SUPPLIED DATA: Begin

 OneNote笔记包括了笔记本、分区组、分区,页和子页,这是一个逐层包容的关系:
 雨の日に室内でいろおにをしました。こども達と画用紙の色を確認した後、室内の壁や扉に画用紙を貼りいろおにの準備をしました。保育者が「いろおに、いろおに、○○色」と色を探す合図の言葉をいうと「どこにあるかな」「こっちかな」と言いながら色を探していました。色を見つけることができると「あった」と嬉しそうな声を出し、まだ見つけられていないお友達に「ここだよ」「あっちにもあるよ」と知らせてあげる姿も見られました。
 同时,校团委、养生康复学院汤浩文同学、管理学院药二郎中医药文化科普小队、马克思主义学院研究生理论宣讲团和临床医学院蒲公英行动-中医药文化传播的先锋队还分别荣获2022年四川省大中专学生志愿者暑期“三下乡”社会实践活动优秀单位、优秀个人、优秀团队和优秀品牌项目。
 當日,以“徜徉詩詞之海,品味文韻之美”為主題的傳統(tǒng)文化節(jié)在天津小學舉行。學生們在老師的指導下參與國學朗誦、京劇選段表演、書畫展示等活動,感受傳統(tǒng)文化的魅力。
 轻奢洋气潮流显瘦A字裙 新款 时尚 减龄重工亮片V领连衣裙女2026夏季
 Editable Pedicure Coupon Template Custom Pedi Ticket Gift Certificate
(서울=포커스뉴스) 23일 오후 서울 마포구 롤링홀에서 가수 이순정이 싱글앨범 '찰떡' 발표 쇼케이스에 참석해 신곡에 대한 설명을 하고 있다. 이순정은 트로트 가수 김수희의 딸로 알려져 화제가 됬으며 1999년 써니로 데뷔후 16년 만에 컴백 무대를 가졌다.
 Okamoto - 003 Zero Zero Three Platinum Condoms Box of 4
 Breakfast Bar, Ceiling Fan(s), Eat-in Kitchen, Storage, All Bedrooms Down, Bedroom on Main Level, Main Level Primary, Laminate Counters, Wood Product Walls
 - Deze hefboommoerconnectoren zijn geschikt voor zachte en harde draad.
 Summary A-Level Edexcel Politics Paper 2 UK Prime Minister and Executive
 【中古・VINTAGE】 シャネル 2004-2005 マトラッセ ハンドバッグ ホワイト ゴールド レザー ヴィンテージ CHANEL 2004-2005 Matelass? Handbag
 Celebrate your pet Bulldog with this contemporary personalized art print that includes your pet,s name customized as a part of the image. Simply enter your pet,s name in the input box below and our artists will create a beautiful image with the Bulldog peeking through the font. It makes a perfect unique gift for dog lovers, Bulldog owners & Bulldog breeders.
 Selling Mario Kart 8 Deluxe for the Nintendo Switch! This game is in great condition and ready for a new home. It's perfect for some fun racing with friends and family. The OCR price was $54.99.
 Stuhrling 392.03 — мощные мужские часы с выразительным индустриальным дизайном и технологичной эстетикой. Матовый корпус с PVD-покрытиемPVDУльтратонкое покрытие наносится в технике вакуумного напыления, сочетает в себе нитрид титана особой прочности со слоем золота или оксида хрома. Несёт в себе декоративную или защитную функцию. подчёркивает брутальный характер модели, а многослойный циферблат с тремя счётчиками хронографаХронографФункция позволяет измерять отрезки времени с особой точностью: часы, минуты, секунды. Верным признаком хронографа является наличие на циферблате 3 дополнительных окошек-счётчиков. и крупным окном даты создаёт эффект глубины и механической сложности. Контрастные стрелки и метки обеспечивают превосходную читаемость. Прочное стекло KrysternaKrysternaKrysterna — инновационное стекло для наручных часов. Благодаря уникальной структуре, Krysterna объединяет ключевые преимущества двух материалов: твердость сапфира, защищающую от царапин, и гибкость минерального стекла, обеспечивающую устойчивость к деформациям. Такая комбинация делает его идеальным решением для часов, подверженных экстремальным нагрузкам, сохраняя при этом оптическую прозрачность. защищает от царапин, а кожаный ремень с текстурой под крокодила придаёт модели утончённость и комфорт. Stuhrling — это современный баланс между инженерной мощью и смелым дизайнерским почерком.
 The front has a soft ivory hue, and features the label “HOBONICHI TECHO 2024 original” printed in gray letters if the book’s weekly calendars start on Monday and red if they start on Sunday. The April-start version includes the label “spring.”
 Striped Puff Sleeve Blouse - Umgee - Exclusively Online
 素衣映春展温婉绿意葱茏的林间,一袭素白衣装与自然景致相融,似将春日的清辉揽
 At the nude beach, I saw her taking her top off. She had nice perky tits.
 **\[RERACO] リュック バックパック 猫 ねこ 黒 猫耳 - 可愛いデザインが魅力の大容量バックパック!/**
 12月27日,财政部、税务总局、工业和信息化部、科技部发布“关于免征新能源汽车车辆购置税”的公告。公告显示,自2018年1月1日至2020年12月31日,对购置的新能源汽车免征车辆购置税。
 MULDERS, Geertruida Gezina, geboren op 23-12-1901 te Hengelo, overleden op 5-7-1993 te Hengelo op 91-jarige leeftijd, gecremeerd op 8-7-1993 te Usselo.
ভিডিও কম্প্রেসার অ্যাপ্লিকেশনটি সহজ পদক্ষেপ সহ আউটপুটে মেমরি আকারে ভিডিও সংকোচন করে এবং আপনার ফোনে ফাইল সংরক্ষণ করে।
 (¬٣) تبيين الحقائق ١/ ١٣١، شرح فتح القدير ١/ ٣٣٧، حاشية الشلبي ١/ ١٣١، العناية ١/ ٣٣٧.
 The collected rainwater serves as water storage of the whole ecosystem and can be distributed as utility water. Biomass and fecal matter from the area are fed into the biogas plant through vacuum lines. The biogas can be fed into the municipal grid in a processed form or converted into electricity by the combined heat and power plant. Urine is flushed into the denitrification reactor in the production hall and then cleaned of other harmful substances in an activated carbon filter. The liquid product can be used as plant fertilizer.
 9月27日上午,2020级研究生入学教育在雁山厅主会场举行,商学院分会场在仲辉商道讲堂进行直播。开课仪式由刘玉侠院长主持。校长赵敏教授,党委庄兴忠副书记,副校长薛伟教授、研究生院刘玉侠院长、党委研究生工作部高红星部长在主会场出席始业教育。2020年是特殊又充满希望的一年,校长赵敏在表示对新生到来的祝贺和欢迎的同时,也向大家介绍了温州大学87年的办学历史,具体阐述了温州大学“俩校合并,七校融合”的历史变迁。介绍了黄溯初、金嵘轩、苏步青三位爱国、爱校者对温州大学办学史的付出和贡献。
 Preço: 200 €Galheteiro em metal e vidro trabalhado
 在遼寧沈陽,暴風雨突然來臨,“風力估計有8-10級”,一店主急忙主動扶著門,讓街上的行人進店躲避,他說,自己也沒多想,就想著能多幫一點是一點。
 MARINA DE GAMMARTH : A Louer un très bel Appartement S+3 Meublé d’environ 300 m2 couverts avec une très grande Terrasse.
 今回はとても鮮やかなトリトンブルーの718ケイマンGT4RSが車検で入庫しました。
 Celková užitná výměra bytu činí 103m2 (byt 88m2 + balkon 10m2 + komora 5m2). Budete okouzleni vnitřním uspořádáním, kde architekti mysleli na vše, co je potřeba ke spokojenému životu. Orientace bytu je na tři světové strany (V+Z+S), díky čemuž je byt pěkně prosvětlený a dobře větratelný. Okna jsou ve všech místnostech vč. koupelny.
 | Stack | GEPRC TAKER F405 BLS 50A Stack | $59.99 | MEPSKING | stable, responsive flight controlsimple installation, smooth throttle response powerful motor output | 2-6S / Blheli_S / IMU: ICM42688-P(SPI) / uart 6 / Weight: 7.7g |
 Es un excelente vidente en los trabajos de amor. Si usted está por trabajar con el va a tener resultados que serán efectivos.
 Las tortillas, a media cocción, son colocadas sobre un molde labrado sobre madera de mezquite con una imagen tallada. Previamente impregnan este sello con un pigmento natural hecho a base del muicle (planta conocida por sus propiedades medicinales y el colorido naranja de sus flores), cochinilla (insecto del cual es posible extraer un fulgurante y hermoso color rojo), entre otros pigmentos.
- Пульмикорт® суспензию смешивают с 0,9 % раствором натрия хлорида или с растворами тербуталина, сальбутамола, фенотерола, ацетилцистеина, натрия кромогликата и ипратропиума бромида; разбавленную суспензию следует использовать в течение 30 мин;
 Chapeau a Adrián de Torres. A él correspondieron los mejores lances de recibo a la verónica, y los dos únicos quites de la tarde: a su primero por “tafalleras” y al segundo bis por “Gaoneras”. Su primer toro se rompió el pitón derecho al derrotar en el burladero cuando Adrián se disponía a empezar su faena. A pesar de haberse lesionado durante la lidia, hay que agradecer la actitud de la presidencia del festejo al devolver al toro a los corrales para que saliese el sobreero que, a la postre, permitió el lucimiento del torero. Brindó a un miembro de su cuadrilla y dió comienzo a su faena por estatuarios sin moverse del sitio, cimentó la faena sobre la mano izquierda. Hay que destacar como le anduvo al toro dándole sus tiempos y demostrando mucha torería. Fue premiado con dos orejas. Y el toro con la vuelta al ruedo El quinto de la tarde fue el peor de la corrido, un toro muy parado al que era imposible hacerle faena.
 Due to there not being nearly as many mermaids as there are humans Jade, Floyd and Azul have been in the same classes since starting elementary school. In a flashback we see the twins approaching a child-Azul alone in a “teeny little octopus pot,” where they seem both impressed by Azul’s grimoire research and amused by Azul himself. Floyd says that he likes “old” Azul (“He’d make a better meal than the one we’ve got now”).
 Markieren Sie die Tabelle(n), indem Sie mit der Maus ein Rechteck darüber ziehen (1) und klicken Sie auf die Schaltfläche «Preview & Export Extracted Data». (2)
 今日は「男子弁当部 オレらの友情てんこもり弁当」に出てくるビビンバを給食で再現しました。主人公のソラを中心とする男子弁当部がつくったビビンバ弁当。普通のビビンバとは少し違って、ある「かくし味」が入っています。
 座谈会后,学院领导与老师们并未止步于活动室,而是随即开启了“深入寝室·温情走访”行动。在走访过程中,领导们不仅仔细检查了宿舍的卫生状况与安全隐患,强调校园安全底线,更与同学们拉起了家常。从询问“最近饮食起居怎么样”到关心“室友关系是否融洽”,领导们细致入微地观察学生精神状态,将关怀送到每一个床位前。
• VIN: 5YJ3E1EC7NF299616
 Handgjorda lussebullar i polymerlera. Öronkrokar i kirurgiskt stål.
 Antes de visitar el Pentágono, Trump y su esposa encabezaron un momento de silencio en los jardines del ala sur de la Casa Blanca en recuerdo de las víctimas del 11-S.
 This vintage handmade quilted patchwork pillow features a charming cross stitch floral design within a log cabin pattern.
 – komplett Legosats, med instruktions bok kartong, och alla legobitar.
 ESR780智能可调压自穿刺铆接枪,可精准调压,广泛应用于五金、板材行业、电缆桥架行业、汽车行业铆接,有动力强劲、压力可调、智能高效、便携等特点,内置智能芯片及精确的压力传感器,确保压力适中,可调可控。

SUPPLIED DATA: End

WORK ORDER »
Look above for the line holding "ভিডিও কম্প্রেসার অ্যাপ্লিকেশনটি" and the line holding "(¬٣) تبيين الحقائق". Retype both, and every line between them, word for word and nothing else.

THE ANSWER »
ভিডিও কম্প্রেসার অ্যাপ্লিকেশনটি সহজ পদক্ষেপ সহ আউটপুটে মেমরি আকারে ভিডিও সংকোচন করে এবং আপনার ফোনে ফাইল সংরক্ষণ করে।
 (¬٣) تبيين الحقائق ١/ ١٣١، شرح فتح القدير ١/ ٣٣٧، حاشية الشلبي ١/ ١٣١، العناية ١/ ٣٣٧.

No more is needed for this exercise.